Darby replica que «todas ellas», y además que en toda la fila, desde hace meses, la gente «muere a docenas», y se la llevan, tantos a los muertos como a los moribundos, «como a ovejas apestadas». Cuando Bucket observa al señor Snagsby, al volverse a poner en marcha, que no tiene buena cara, el señor Snagsby responde que le da la sensación de que le resulta imposible respirar ese aire fétido.

Preguntan en varias casas por un chico llamado Jo. Como en Tomsolo son pocas las personas conocidas por su nombre de pila, mucha gente trata de averiguar si el señor Snagsby se refiere al Zanahoria, o al Coronel, o al Ahorcado, o al Cincel, o al Tip el Terrier, o al Flaco, o al Ladrillo. El señor Snagsby lo describe una vez tras otra. Hay diversidad de opiniones acerca del original de su retrato. Unos piensan que debe ser el Zanahoria, otros dicen que el Ladrillo. Les traen al Coronel, pero no se le parece en nada. Cada vez que el señor Snagsby y sus conductores se detienen, se forma una multitud en torno a ellos, y desde sus filas escuálidas le llegan al señor Bucket consejos obsequiosos. Cada vez que se ponen en marcha y brillan furiosamente sus linternas, la multitud desaparece y revolotea en torno a ellos por los callejones, entre las ruinas y tras los muros, igual que antes.

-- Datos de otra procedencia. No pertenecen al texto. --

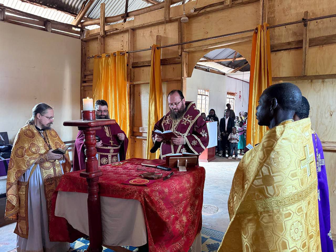 Архипастырю сослужили председатель Миссионерского отдела Патриаршего экзархата Африки иерей Георгий Максимов, благочинный округа иеромонах Силуан (Браун), благочинный приходов Южно-Африканской епархии в Руанде иерей Петр Бикамумпака, клирик Успенского прихода в Руанде иерей Дамиан Душимимана и клирики Восточного благочиния Уганды.
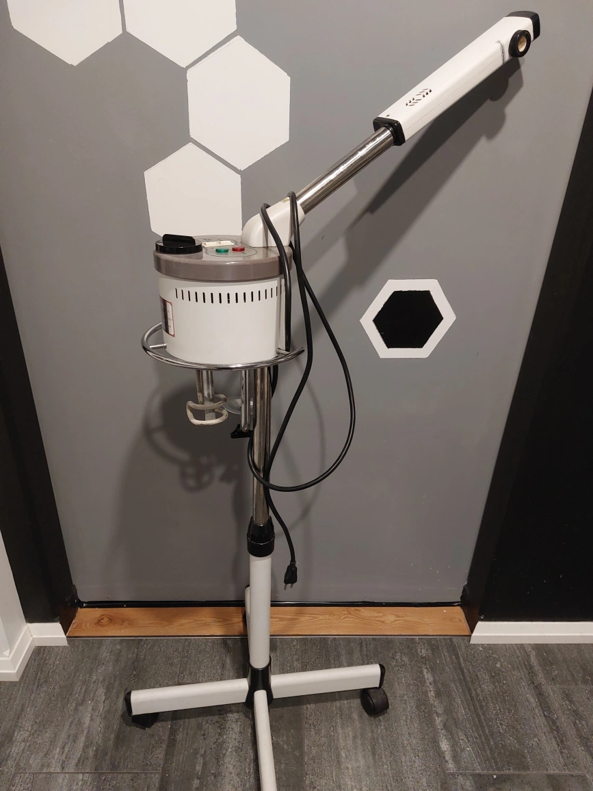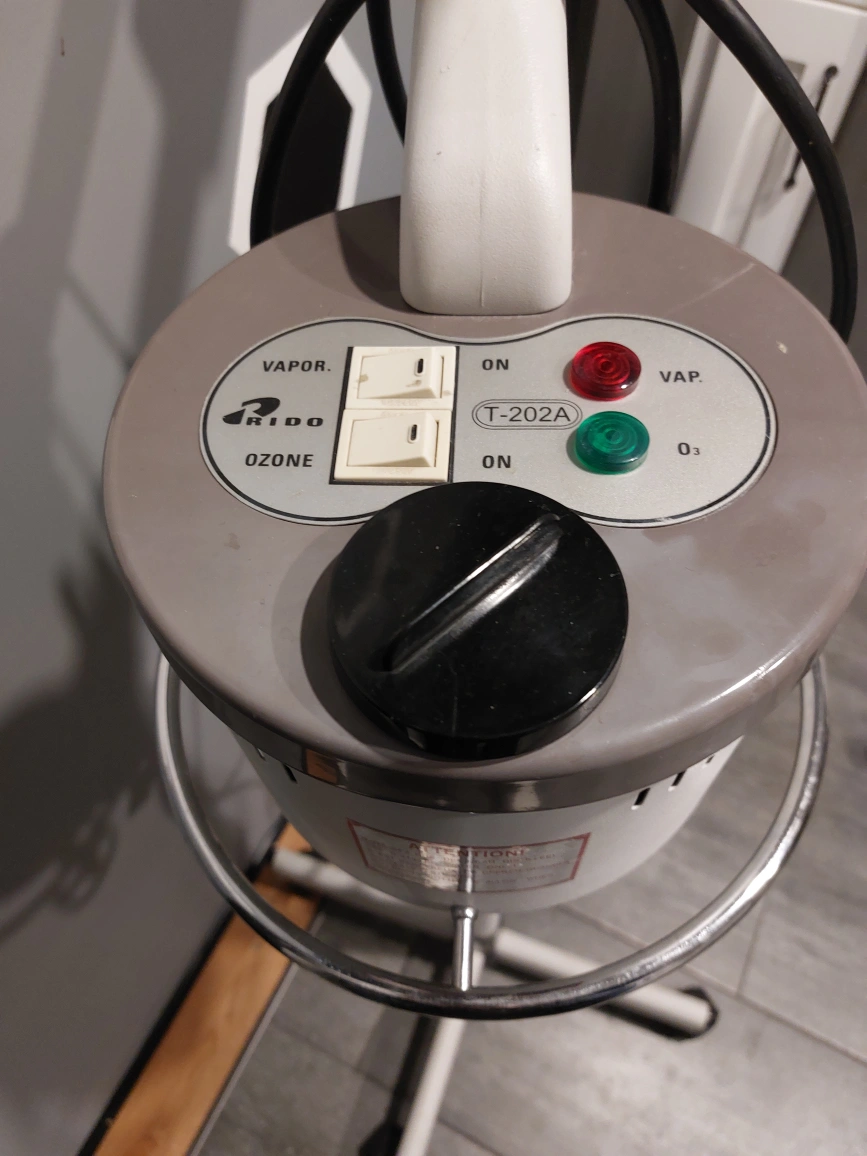 This RIDIO T-202A facial steamer is designed for professional use. It features adjustable height and arm for optimal positioning. This steamer can be used for skin hydration and treatment. It has a Vapor and Ozone function.
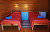 Номер оборудован всей необходимой мебелью. Спальные места — односпальные сосновые кровати.
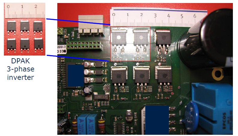這是一個實際的PCP板上的IGBT的圖,我們看到如果用D2PARK的話,它兩顆的面積大概在2.5厘米,而如果使用DPARK封裝的話可以減少到1.5厘米左右,同時它跟IGBT模塊來相比的話可以節省0.5個美金的成本,所以對于一些消費類市場低成本的產品這個相當重要的。
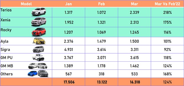 Bila membandingkan secara bulanan (Maret 2022 VS Februari 2022), penjualan Daihatsu mengalami kenaikan sekitar 24%. Adapun top 3 kontributor model Daihatsu yang mendapat diskon PPnBM, dan memiliki persentase penjualan tertinggi terdapat model Terios dengan kenaikan signifikan 118%, atau lebih dari 2 kali lipat menjadi 2.339 unit dari sebelumnya 1.072 unit. Disusul Xenia naik 75% menjadi 2.313 unit; dan Rocky 16% menjadi 1.245 unit.
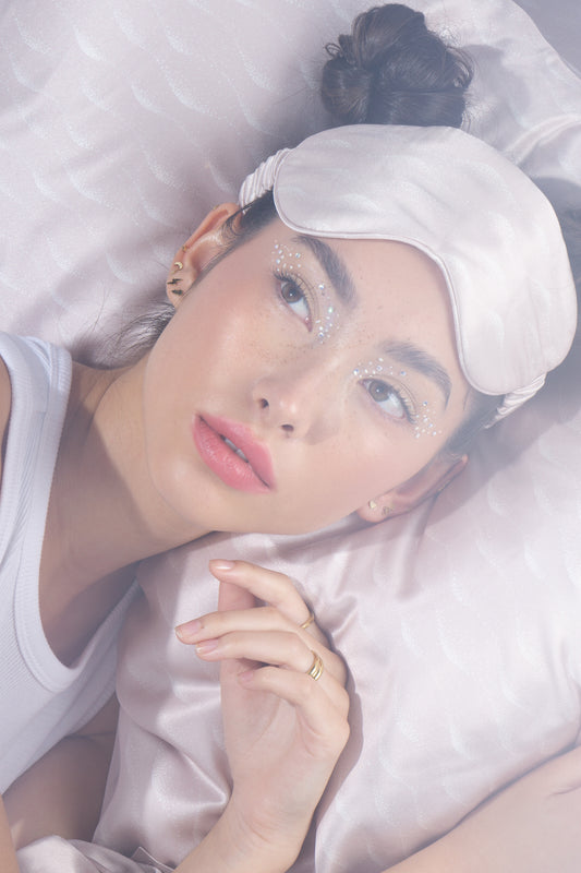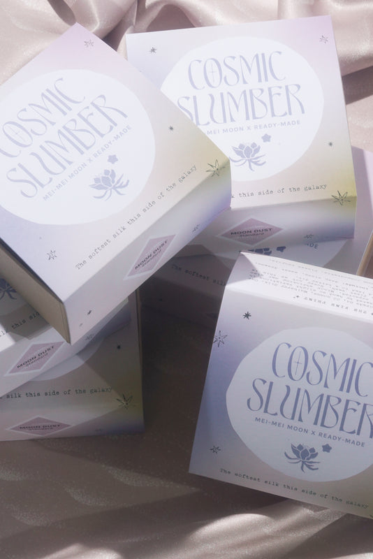 An exclusive print in collaboration with Mei-Mei Moon, this pillowcase redefines the meaning of beauty sleep. Featuring a dreamy, hand drawn Moon Dust patten by Mei-Mei Moon, it measures 20x27" (51x69cm) to fit Standard, Queen, Full, Twin and Twin XL size pillows. Enjoy the naturally restorative benefits of a 100% pure Mulberry silk pillowcase made with luxurious and ultra soft 100% Grade 6A 22 momme charmeuse. A soft and elegant envelope closure with elegant French seams holds your pillow in place (no pokey zippers, clasps or buttons!) Best of all? They’re machine-washable. Please note: silk accessories are Final Sale.
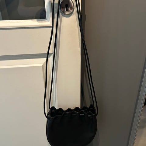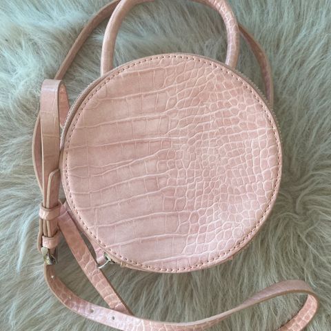 COS rund gul skulderveske i semsket skinn for dame. Noen bruksmerker.
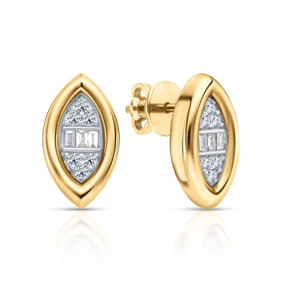 Серьги с 6 бриллиантами природными, 0.12 карат, огранка багет 33 грани, цвет 3, чистота 3, тип огранки А; 12 бриллиантами природными, 0.22 карат, огранка круг 57 граней, цвет 3, чистота 4, тип огранки А; Желтое золото 585 пробы.
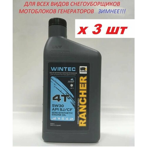 Масло зимнее! 3ШТ! 4-т. п/синт. Rancher WINTEC SAE5W30 API SJ/CF 0,946 л. REZOIL для всех видов снегоубощиков и мотоблоков
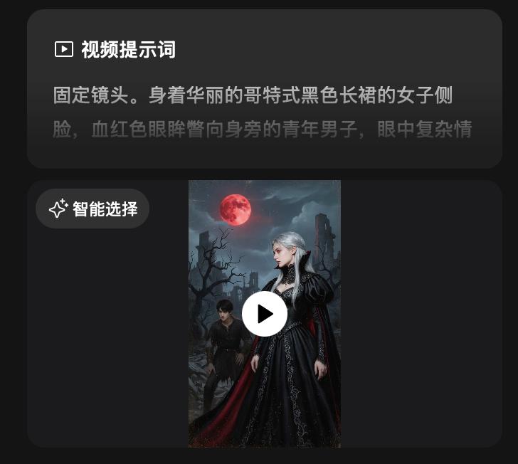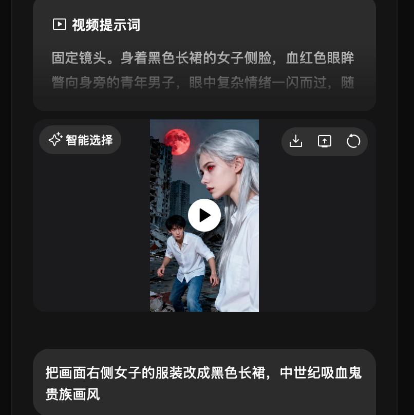 吸血鬼女主提示词全程要求是“穿着黑色长裙的女子”,但就会在某一帧突然变成白色衬衫;
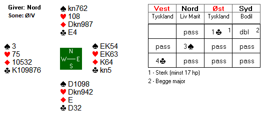 Jeg bakspilte Liv Marit Grude (nord) og Bodil Nyheim Øigarden i Norges kamp mot Tyskland. Her vant den tyske spilleføreren utspillet med kongen, og fortsatte med en kløver som gikk rundt til esset hos Liv Marit i nord. Hun fortsatte med hjerter 10. Spillefører vant med esset og seilte kløver knekt. Begge motstanderne fulgte farge. Deretter stjal hun seg inn i bordet i spar, tok for kløver konge, og fikk med det tatt ut syds siste trumf.
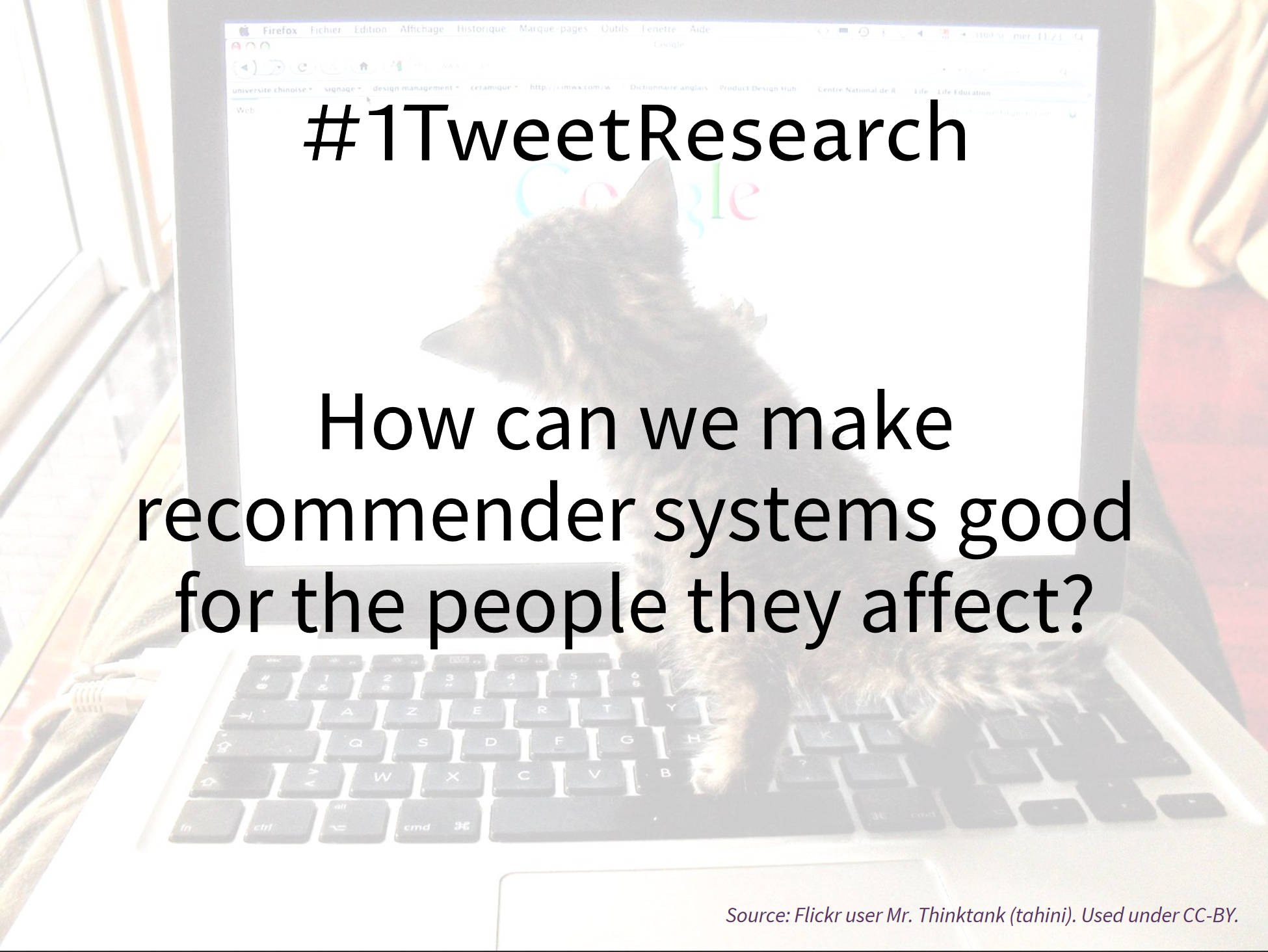 I’ve been adopting something like this in my talks for a few years now. When I’m giving a research seminar, one of my first few slides is ‘#1TweetResearch’: how would I convey, in a single tweet, the overall thrust of my work? Here’s the slide from my last seminar:
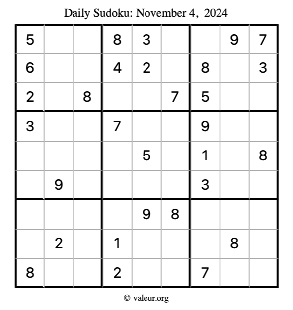 Here is the November 4, 2024 sudoku puzzle. You are welcome to print a copy to solve by hand. For your convenience, we have also included the solution further down the page so you can check your work.
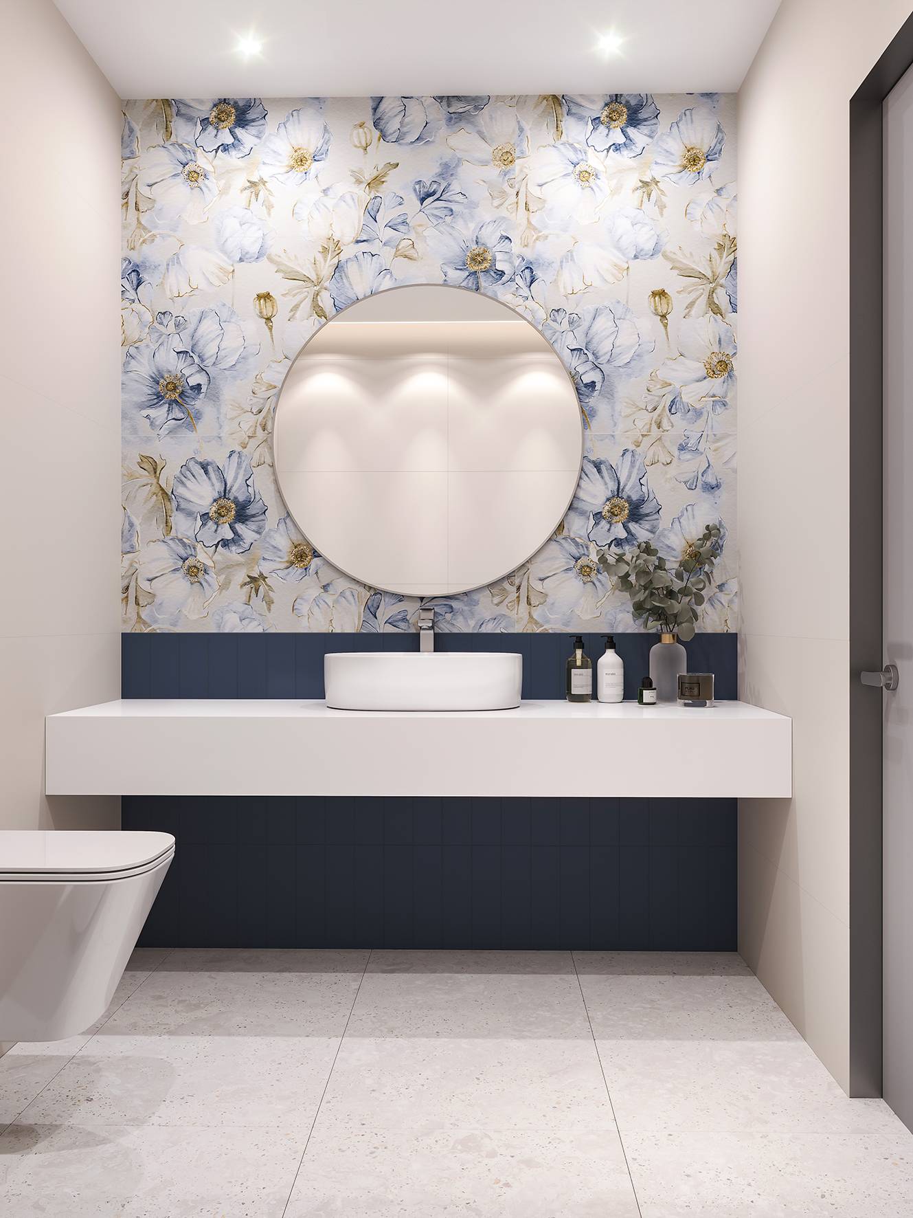 Если необходимо приклеить к стенам цокольную плитку, расстояние до напольной плитки не должно быть меньше одного межплиточного шва
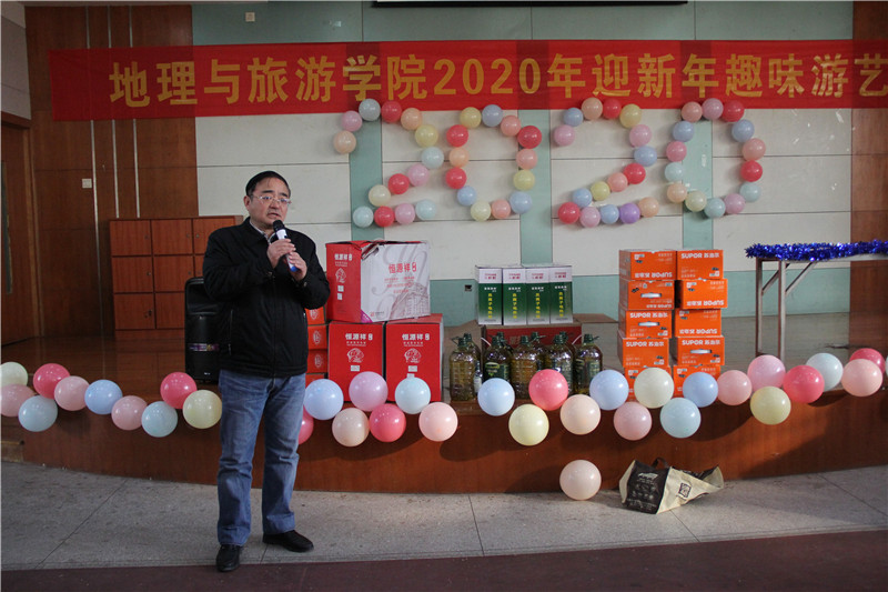 游艺会在欢声笑语中拉开序幕。活动尹始,苏勤院长发表致辞,他简要回顾了学院一年来取得的成绩,对全体教职工辛勤工作表示感谢,并向大家通报了必赢地理科学和旅游管理两个专业获批国家级一流本科专业建设点的喜讯和对2020年新的展望,鼓励大家再接再厉,更上一层楼。

Por fin se encuentra una madriguera, en la que suele pasar las noches el Duro, o el chico Duro; y parece que el chico Duro puede ser Jo. Una comparación de notas entre el señor Snagsby y la propietaria de la casa —una cara de borracha envuelta en un pañuelo negro, que sale de entre un montón de trapos caídos en el suelo de una perrera que constituye su residencia particular— desemboca en esta conclusión. El Chico Duro ha ido al médico a buscar un frasco de medicina para una enferma, pero va a volver en seguida.